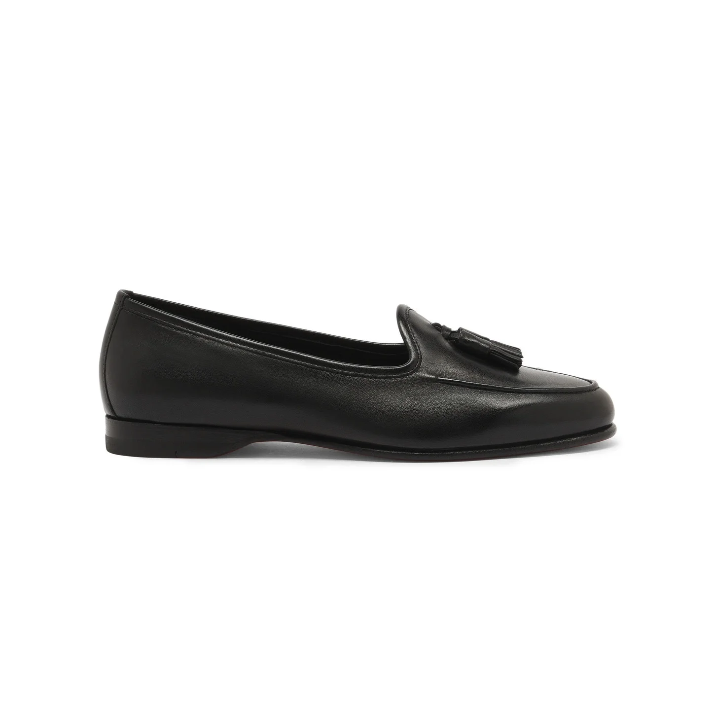 The women’s Andrea loafer reinterprets an archival classic with refined allure, flaunting a sleek, low-cut silhouette that shows off the ankle. This iteration is crafted from nappa leather with our signature “velatura” gradated finish, and is embellished with delicate tassels on the toe. Designed with a special Goodyear welt construction for an ultra-soft, flexible feel. Product details Product ID: WUAN71049PA1TZZFN01 - Women's loafer - Crafted from nappa leather - Treated with Santoni’s “velatura” color-grading technique - Color: black - Tassels - Stitched apron - Classic silhouette with tapered toe - Flexible Goodyear welt construction - Leather sole with rubber insert and half-heel - Printed Santoni logo on the insole - Made in Italy
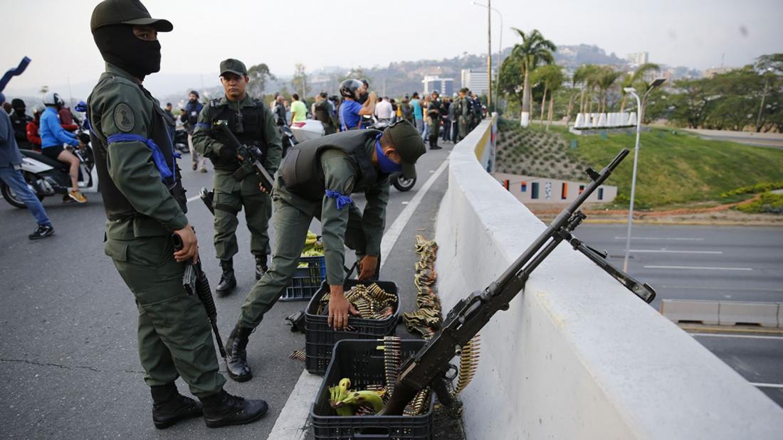 «Οποιος πλησιάσει το Μιραφλόρες με βία, θα αντιμετωπιστεί με βία. Αν χρειαστεί να χρησιμοποιήσουμε όπλα, θα το κάνουμε», δήλωσε ο Βλαντιμίρ Παντρίνο. Ο υπουργός Αμυνας πρόσθεσε ότι ο Χουάν Γκουαϊδό θα έχει την ευθύνη για τυχόν θανάτους στους δρόμους, ενώ κατηγόρησε την αντιπολίτευση ότι επιδιώκει αιματοχυσία.
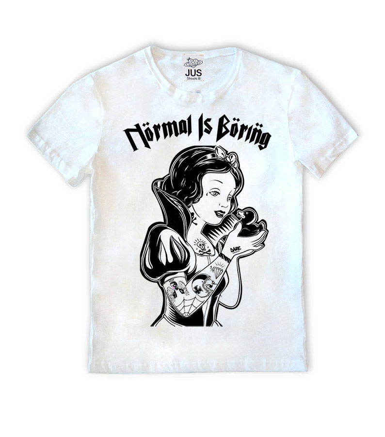 A unique unisex black T shirt from our Samples collection with our iconic all over ‘Normal Is Boring’ Print.

[WHAT TO DO]
The expected output is an exact retyping of the lines from the line with "ότι επιδιώκει αιματοχυσία." through the last line of the data, with both ends kept and the pictures dropped.

[OUTPUT FOR THIS EXERCISE]
 «Οποιος πλησιάσει το Μιραφλόρες με βία, θα αντιμετωπιστεί με βία. Αν χρειαστεί να χρησιμοποιήσουμε όπλα, θα το κάνουμε», δήλωσε ο Βλαντιμίρ Παντρίνο. Ο υπουργός Αμυνας πρόσθεσε ότι ο Χουάν Γκουαϊδό θα έχει την ευθύνη για τυχόν θανάτους στους δρόμους, ενώ κατηγόρησε την αντιπολίτευση ότι επιδιώκει αιματοχυσία.
 A unique unisex black T shirt from our Samples collection with our iconic all over ‘Normal Is Boring’ Print.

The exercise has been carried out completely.